Map reveals areas worst affected by grass pollen causing hay fever for many more Brits

The experts have warned that HAY fever will likely affect millions of Brits in the coming weeks.

The good weather that we will be experiencing over the Bank Holiday weekend is likely to increase the pollen count in much of England.

High pollen is expected across most of England and Wales from Monday to Friday except the North East, where it will be low. Counts in Yorkshire and the Humber and East of England are also expected to be medium


Pollen levels are high across England and Wales, except in the North East. Yorkshire, the Humber region and East of England will also have medium pollen counts.

As grass pollen season is now in full swing, millions of allergy sufferers will have to endure misery.

Allergen expert ​​Max Wiseberg, of HayMax, said: “This is not good news for hay fever sufferers.

“The grass pollen season has well and truly started in England and Wales and peaks in the UK in June and July.

“Grass pollen causes very unpleasant symptoms in the sufferer including sneezing, a runny nose, a stuffed up nose, itchy and watery or streaming eyes, nasal congestion and a general stuffed up feeling in the nose and throat.”

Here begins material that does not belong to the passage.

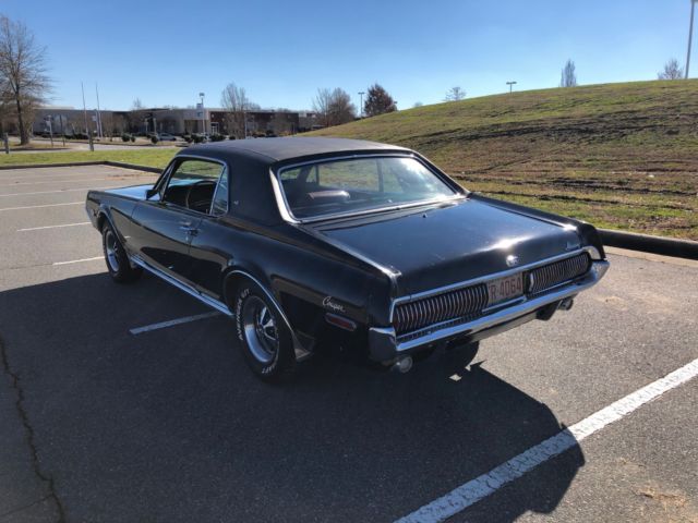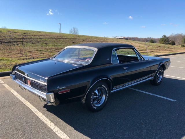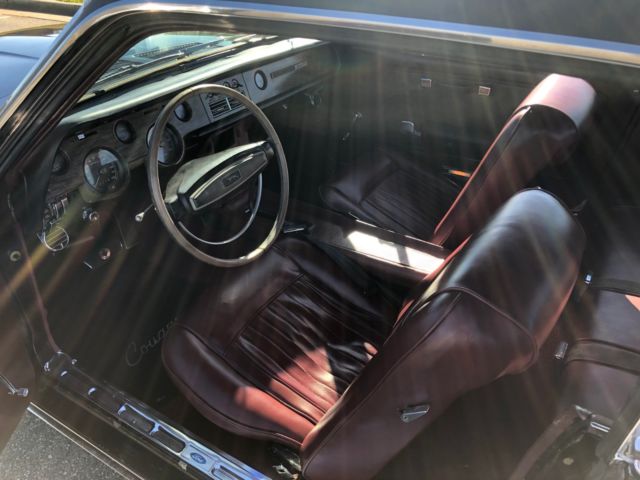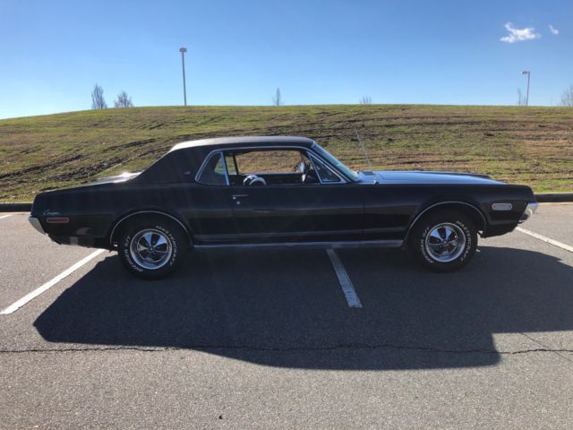 Factory Options include; -XR-7 Equipment Package -302 Super V-8 4V -Select Shift Merc-O-Matic Transmission -Sports Console with Clock (Works and keeps great time) -Whisper-Aire Conditioner (Converted to R134) -AM Radio with Antenna -Oxford Roof Black -Bumper Guards F&R -Power Steering -Power Disc Brakes -Tinted Glass -Style Steel Wheels Records Indicate Extensive Maintenance within the last 10,000 miles including, -Transmission Overhaul with New Torque Converter -All Engine Seals and Gaskets replaced including Freeze Plugs.  At this time intake manifold was replaced with Edelbrock Performer and Edelbrock Carburetor.  Distributor upgraded with Pertronix Ignitor, MSD Cap, Rotor, Wires and Coil. -New Belts and Hoses -New Battery, Positive, Negative, Starter Cables replaced with Factory Style replacements.  Also new Battery Tray and Hold Down. -Aluminum Radiator -Power Steering Pump and Slave Cylinder rebuilt -Front and Rear Brakes including; Calipers, Wheel Cylinders, Brake Hoses, Brake Pads, brake Shoes, Master Cylinder and Power Brake Booster. -New Tires -New Factory Style 2 1/4" Dual Exhaust, H-Pipe, and Factory Style Hanger Kit. -Digital Sequential Turn Signal Box -Heater Core -Carpet, Sill Plates, and Kick Panels  Ready to take out, drive and have some fun The car is not rusted out like most Cougars of this age appears to have been rust proofed either when new or early in its life.  Roof is solid as the car does appear to have been garage kept most of its life.  Frame rails, Torque Boxes, Floor Pans, and Shock Towers have zero rust other than minor surface rust from paint chips.  Trunk Floor and Drop Offs are solid.  There are some minor bubbles in the fronts of the doors and the fronts of the quarters (see photos).  This is one of the most solid un-restored Cougars I have run into in a long time.  Paint is probably a 6-7 interior 7-8.  Additional undercarriage photos available upon request. Car runs and drives great, would not hesitate to drive it anywhere. Please make sure you have the means to purchase prior to bidding. Car is available for inspection prior to auction close.$500.00 deposit due within 24 hours of auction close.Please feel free to call with questions 980-621-8792.  Car is available for sale locally.

From Monday through Friday, high pollen levels are expected in most parts of England and Wales except for the North East where they will be very low.

The Counts for Yorkshire, the Humber region and East England will also be considered medium.

Met Office has said that pollen levels in Scotland and Northern Ireland are expected to be low.

Hay fever, also known as an allergic reaction, is a result of pollen coming into contact with mouth, nose or eyes.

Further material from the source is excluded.